Following weeks of mounting public anger and the threat of nationwide road blockages by the haulage industry, the Irish government has officially pulled the trigger on a major fuel tax intervention. In a high-stakes Cabinet meeting held this morning, Tuesday, March 24, 2026, ministers agreed to a significant reduction in excise duty that will see the price of a litre of diesel drop by 22 cents and petrol by 17 cents.
The Numbers and the Timeline
The tax cuts are set to take effect from midnight tonight. For the average motorist, this means a saving of approximately €11 to €13 on a full tank of fuel. However, there is a catch: the government has currently only guaranteed these lower rates for a two-month period. Taoiseach Micheál Martin explained that the short duration is due to the “extreme volatility” of the global oil market, which has seen Brent Crude surge past $115 per barrel following the escalating US-Israel conflict in Iran.

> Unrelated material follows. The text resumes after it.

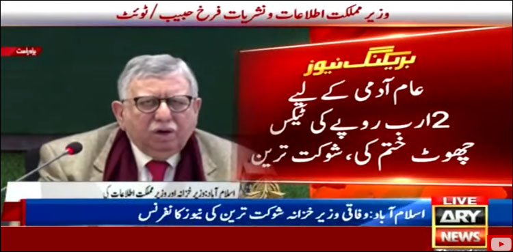 اسلام آباد: وزیر خزانہ شوکت ترین کا کہنا ہے کہ منی بجٹ میں عام آدمی کے لیے صرف 2 ارب روپے کی ٹیکس چھوٹ ختم کی گئی ہے۔

Support for the Transport Sector
Recognizing that the haulage and transport sectors are the “backbone” of the Irish supply chain, the government has also moved to enhance the Diesel Rebate Scheme (DRS). For licensed hauliers and bus operators, the rebate will be increased temporarily, providing an additional layer of protection against insolvency. This move successfully averted a series of planned protests that were scheduled to begin at the Port of Dublin tomorrow morning.

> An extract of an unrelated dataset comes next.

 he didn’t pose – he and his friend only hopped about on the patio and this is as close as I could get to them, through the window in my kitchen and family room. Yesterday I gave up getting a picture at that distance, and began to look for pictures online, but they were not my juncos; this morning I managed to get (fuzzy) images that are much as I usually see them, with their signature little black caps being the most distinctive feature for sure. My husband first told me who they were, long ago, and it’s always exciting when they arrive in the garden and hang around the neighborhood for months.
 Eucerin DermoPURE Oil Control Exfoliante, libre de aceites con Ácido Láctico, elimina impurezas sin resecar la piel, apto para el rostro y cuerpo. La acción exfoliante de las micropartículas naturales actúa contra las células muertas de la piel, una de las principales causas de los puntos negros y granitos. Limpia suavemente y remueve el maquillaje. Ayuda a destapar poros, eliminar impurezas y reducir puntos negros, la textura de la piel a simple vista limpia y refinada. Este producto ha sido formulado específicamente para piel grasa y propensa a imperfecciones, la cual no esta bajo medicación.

The Internal Political Battle
The announcement comes after days of intense “tug-of-war” within the coalition. It is understood that Fine Gael and Fianna Fáil pushed for a larger, universal cut, while the Green Party expressed concerns about the environmental impact. As a compromise, the government has agreed to maintain the planned Carbon Tax increase scheduled for May 1st, despite heavy criticism from the opposition. Green Party leader Eamon Ryan defended this by stating that the revenue from the carbon tax is essential for funding retrofitting grants and protecting the most vulnerable from “energy poverty.”
Opposition Reaction
“A Sticky Plaster on a Gaping Wound” The relief package has not silenced the government’s critics. Sinn Féin’s Pearse Doherty was quick to label the measure as “insufficient,” noting that it fails to address the soaring cost of home heating oil, which is not covered by this specific excise cut. With thousands of families still relying on kerosene to heat their homes during a colder-than-average March, the opposition is demanding a total removal of VAT on energy bills for the remainder of the year.
Consumer Warning
Tánaiste Simon Harris has issued a stern warning to fuel retailers, stating that the government will be “watching like a hawk” to ensure these tax cuts are passed on to consumers immediately. “There is no excuse for a delay,” Harris said. “This is public money being returned to the pockets of the people, and it must reflect at the pump by Wednesday morning.”
As Ireland navigates this unprecedented energy shock, today’s move marks the largest single-day intervention in the fuel market in the history of the state. Whether two months will be enough to weather the storm remains the €2.20 question.